Under Minnelli’s impeccable direction, the film was wonderfully realized. It was a big hit and was nominated for six Academy Awards, winning five of them (only Kirk Douglas lost in the Best Actor category, to High Noon‘s Gary Cooper). The winner of the Best Supporting Actress prize was Gloria Grahame, who had three other big movies out that year. It was not so much a question of her winning the Oscar that year, but for which of her films would she be nominated. Gloria is very decorative and effective in the role of Bartlow’s starstruck wife Rosemary, with many critics of the opinion that she steals the spotlight from Lana Turner (who was, criminally, not nominated). Gloria is terrific in the film, but so is everybody else. From the dynamic leads to key supporting parts as small as Ned Glass’, Elaine Stewart’s, and Ivan Triesault’s, the film is sharply cast and beautifully acted.

In my opinion The Bad and the Beautiful is a classic. It is one of the best movies about Hollywood ever produced. It is a serious, entertaining glimpse into the business of creating silver screen excitement, exposing the pettiness, manipulation and ego-destroying elements of the motion picture industry.

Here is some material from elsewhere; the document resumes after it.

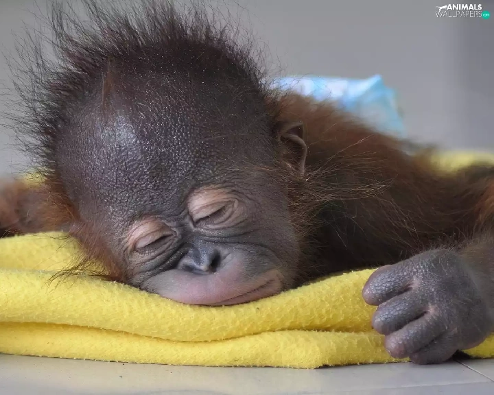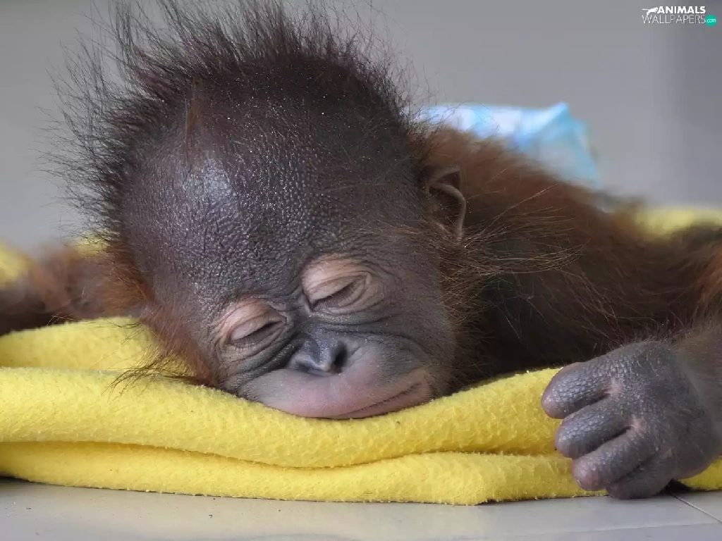 the sleeping, Yellow, Blanket, Monkey
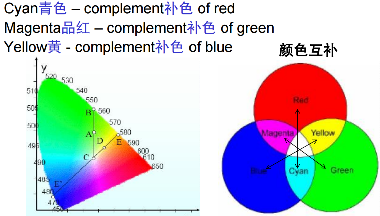 这里还有一个概念“互补色”,指可以混合产生白光的颜色,如:

Yet beyond the betrayals, power plays and penny-pinching decisions that shape what the public is shown, there is also a deep respect and appreciation for the artistry of film entertainment, which prevents the pessimism of the piece from overwhelming its subject, and the audience. It is a film that, more than half a century after its creation, continues to live and breathe as vigorously as any other title of the era. Its depiction of the film industry business is, of course, dated, but its themes are not; if anything, they are more relevant now, as the commercial aspects of the industry seem to be crushing its artistic integrity. We need a Jonathan Shields and Fred Amiel to once again prove that even seeming schlock like The Doom of the Cat Men can have artistic merit, given the right approach. All it takes is hard work and the right attitude. This movie has the right attitude; it is one for the ages.  ✰ ✰ ✰ ✰.  February 2012.